Nigeria Police in Deadly Clash with Sect in Bauchi

At least 38 people have died in clashes between security forces and members of a religious sect in the northern Nigerian state of Bauchi. The dead were mainly from a group calling itself Kala Kato. Two soldiers and a policeman were also killed. The fighting came after local people told authorities they were alarmed by open-air preaching by sect members. Such preaching was banned in the state after an uprising by another sect, Boko Haram, earlier this year. Hundreds of people were killed in the subsequent fighting across northern Nigeria. The BBC's Caroline Duffield reports from Lagos that Kala Kato is a non-conformist Muslim sect made up of poor tradesmen, labourers and other working people. Some residents in Zango, just south of the city of Bauchi, have said that in recent days the mood of their preaching had become aggressive.

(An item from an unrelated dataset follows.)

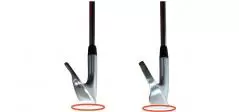 たとえば、フェース面が大きく、ソール幅が広い、そして低重心のキャビティーアイアンの様なミスに強いアイアンがやさしいアイアンです。また、リーディングエッジがオフセットされた(リーディングエッジがシャフトラインに対して後方に下げられた)グースネックのアイアンもやさしいアイアンです。
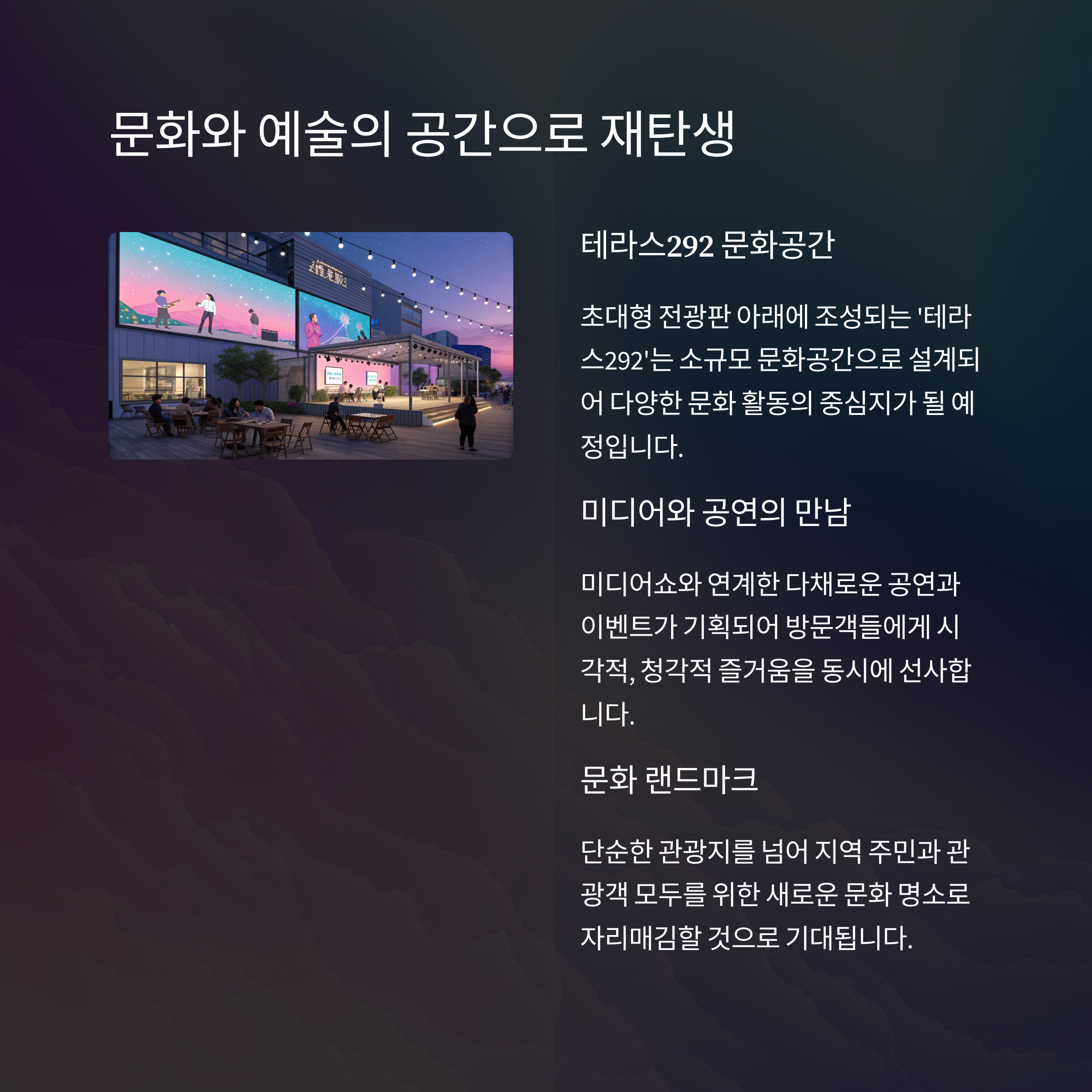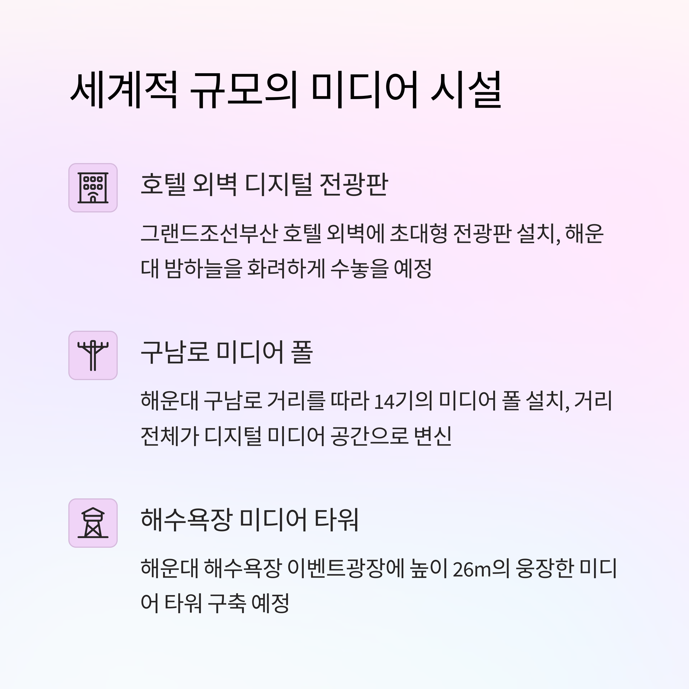 해운대 미디어거리는 단순한 전광판이 아닙니다. 뉴욕 타임스스퀘어처럼 초대형 디지털 스크린을 중심으로 한 영상 콘텐츠 전시 거리로 조성되며, 관광객들이 머무는 순간에도 영상과 빛, 음악이 흐르는 역동적인 공간을 지향합니다. 미디어 타워와 폴 형태의 조형물이 도심 곳곳에 배치돼, 시각적으로도 압도적인 풍경을 자랑할 예정입니다.

The violence there began on Sunday morning. After some initial shooting the security forces retreated, before returning in greater numbers. Members of the group had armed themselves with machetes and cutlasses, and appeared ready to fight armed police and soldiers, she adds. A spokesman for the Bauchi state governor said the local military had been deployed, though other accounts spoke of a feared police unit, the Special Anti-Robbery Squad. The Associated Press news agency cited Bauchi state official Mohammed Maigari as saying sect members had gone on the rampage to demand the release of their leader. The sect leader had been arrested in connection with the killings of several Boko Haram members, AP reported.